Pour les enfants et les adolescents, le quotidien n'existe plus sans les réseaux sociaux et les smartphones. Selon des enquêtes récentes, près de 100% des jeunes de 12 à 19 ans en Suisse ont un téléphone portable et presque tous utilisent Tiktok, Instagram ou autres. Des heures et des heures. Tous les jours.

Jamais encore une génération n'avait été bombardée de stimuli et d'informations de manière aussi intensive et généralisée. Mais quelles sont les réelles conséquences de cette utilisation excessive?

Les natels nous rendent malades

Le professeur de psychologie Jonathan Haidt de l'Université de New York a passé toute sa vie à étudier l'impact de l'utilisation actuelle des médias sur les jeunes. Il est considéré comme un expert de premier plan. Prochainement, son livre «The Anxious Generation» (en français «Génération anxieuse», à paraître en juin) sera publié. Et il est catégorique: les téléphones portables et les réseaux sociaux rendent systématiquement nos jeunes malades.

Selon Jonathan Haidt, les jeunes d'aujourd'hui sont des «cobayes pour une forme radicalement nouvelle d'adolescence». On peut qualifier cela de «grand recâblage de l'enfance». Et tout ceci se base sur la production de dopamine qui rend notre cerveau totalement accro.

La génération née à partir de 1996, la Gen Z, a la plus mauvaise santé mentale de toutes les générations, assure le psychologue. Jonathan Haidt montre, à l'aide d'une multitude de données et d'études, que l'augmentation massive des dépressions, des angoisses, des automutilations et des suicides a commencé vers 2010.

«Addictif et inadapté aux enfants»

Il relie ces données aux innovations technologiques qui sont devenues disponibles à cette époque: smartphones, caméra à selfie, Instagram, boutons «like» ou «share». «La génération Z est devenue la première génération de l'histoire à vivre son adolescence avec un portail en poche qui l'éloigne loin des gens qui l'entourent, dans un univers alternatif excitant, addictif (...) et inadapté aux enfants et aux adolescents», tonne-t-il.

Voix critiques

Les recherches de Jonathan Haidt ne sont pas sans controverse. Presque aucun universitaire ne nie que l’essor des réseaux sociaux et le boom du développement des smartphones se soient produits en même temps que les problèmes psychologiques croissants chez les jeunes du monde entier. Mais sont-ils vraiment le déclencheur? Pour certains universitaires, les réponses de Jonathan Haidt sont trop directes et absolues. Par souci de transparence, l'auteur a présenté différentes discussions d'experts remettant en question ses recherches. 

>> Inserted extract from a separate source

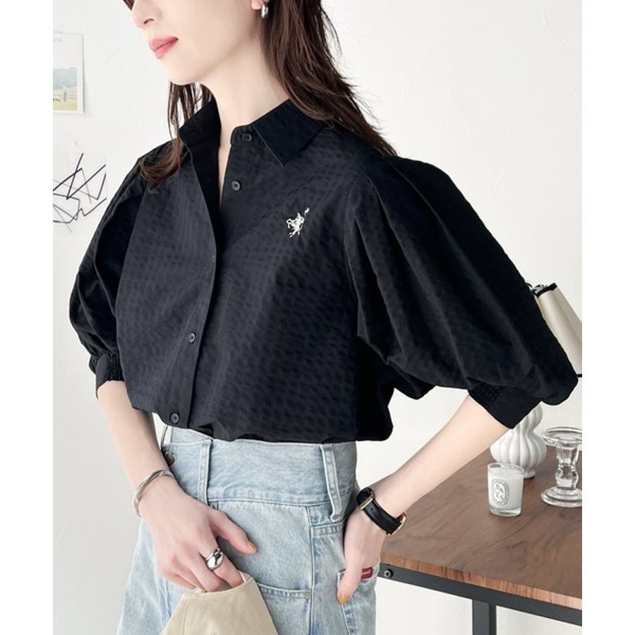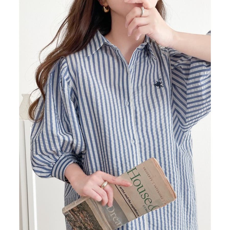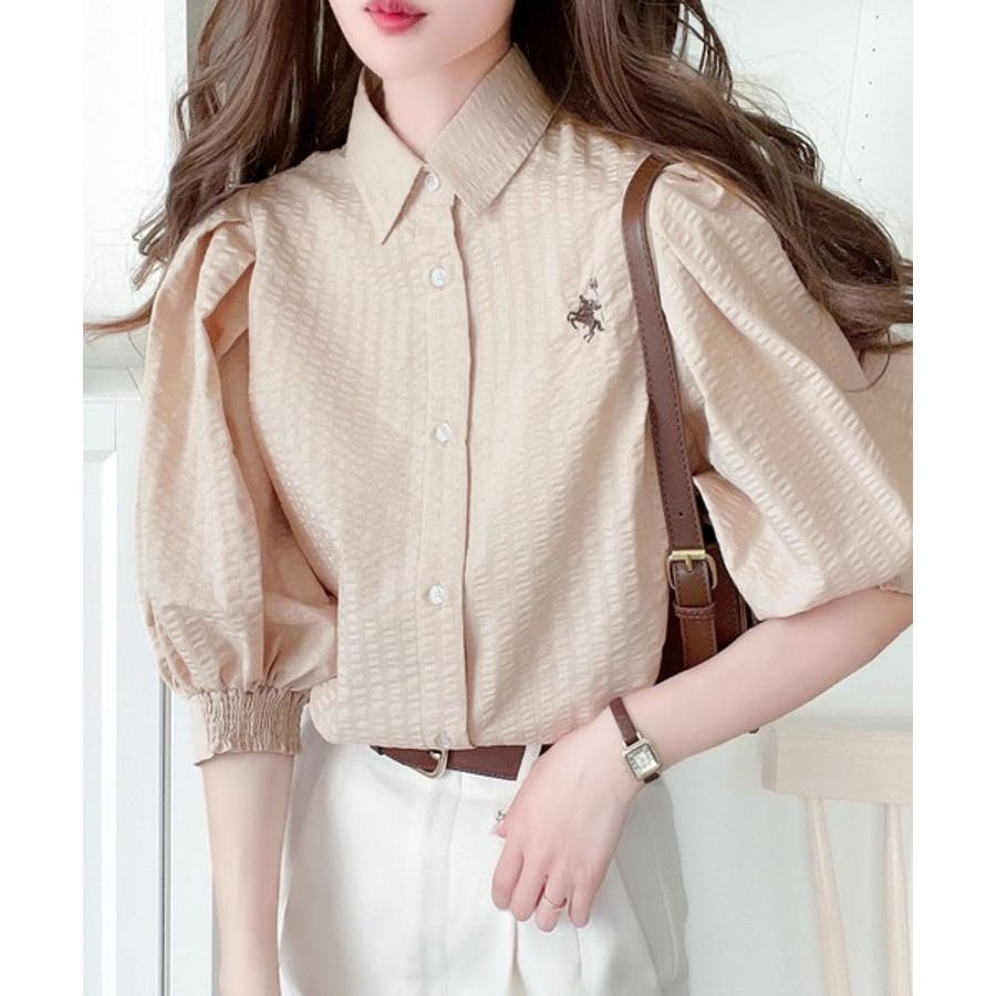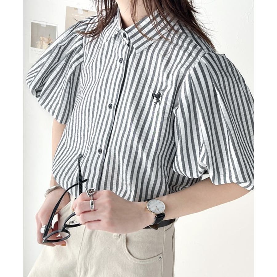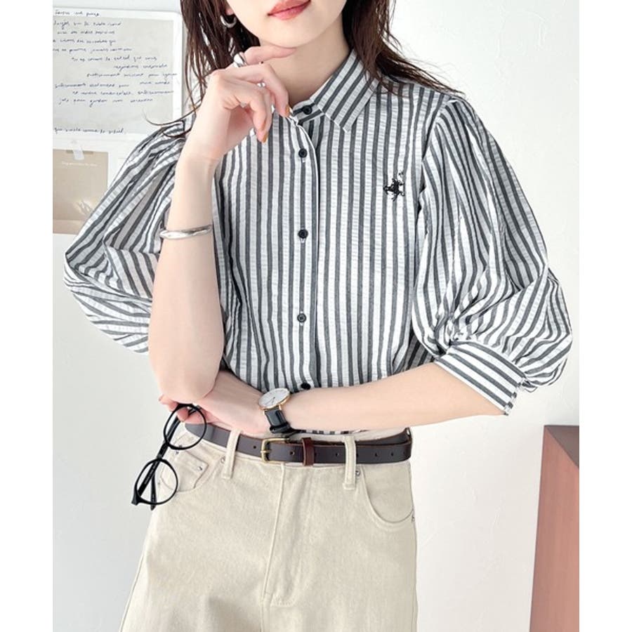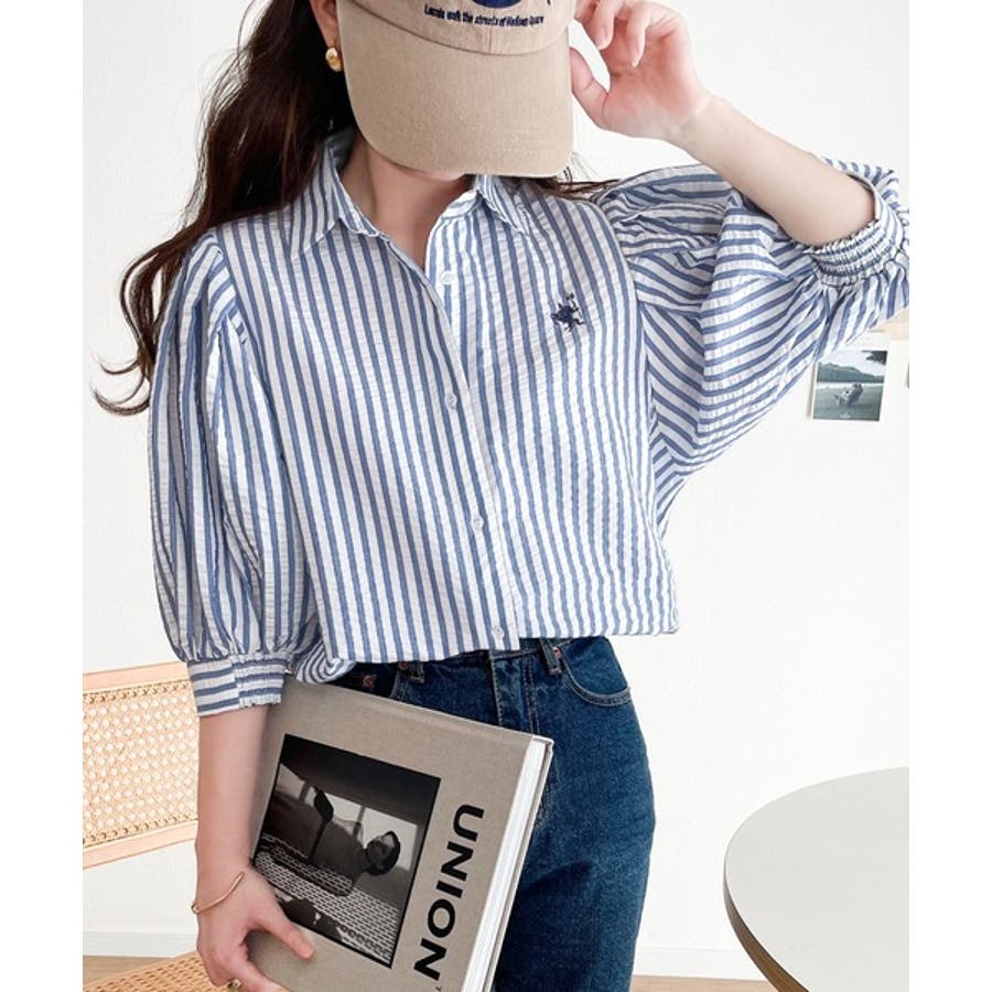 爽やかふんわりテイスト。タック入りボリュームスリーブ胸刺繍サッカーシャツ
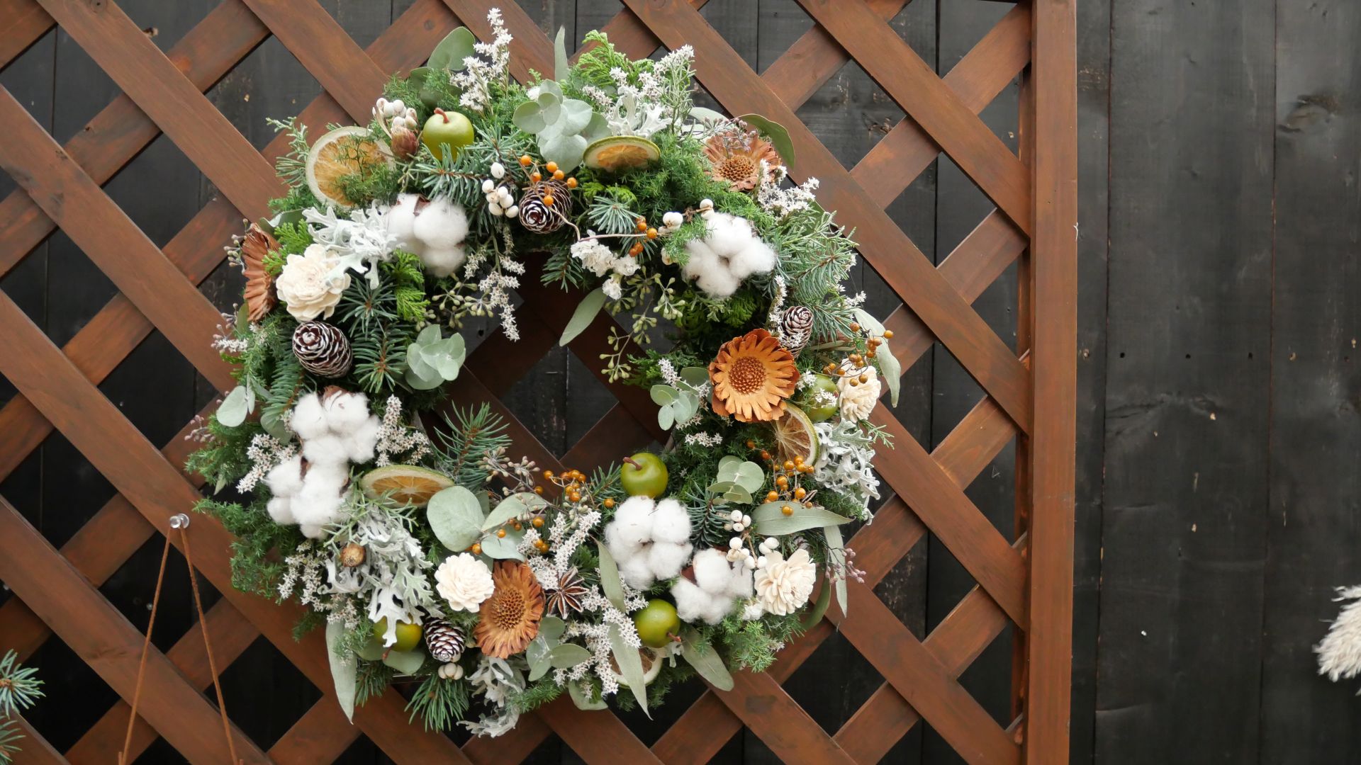 今年は市内で活動する7名のフローリストの方が制作したリースやスワッグ等が展示されています。

Les recherches de Jonathan Haidt ne sont pas sans controverse. Presque aucun universitaire ne nie que l’essor des réseaux sociaux et le boom du développement des smartphones se soient produits en même temps que les problèmes psychologiques croissants chez les jeunes du monde entier. Mais sont-ils vraiment le déclencheur? Pour certains universitaires, les réponses de Jonathan Haidt sont trop directes et absolues. Par souci de transparence, l'auteur a présenté différentes discussions d'experts remettant en question ses recherches. 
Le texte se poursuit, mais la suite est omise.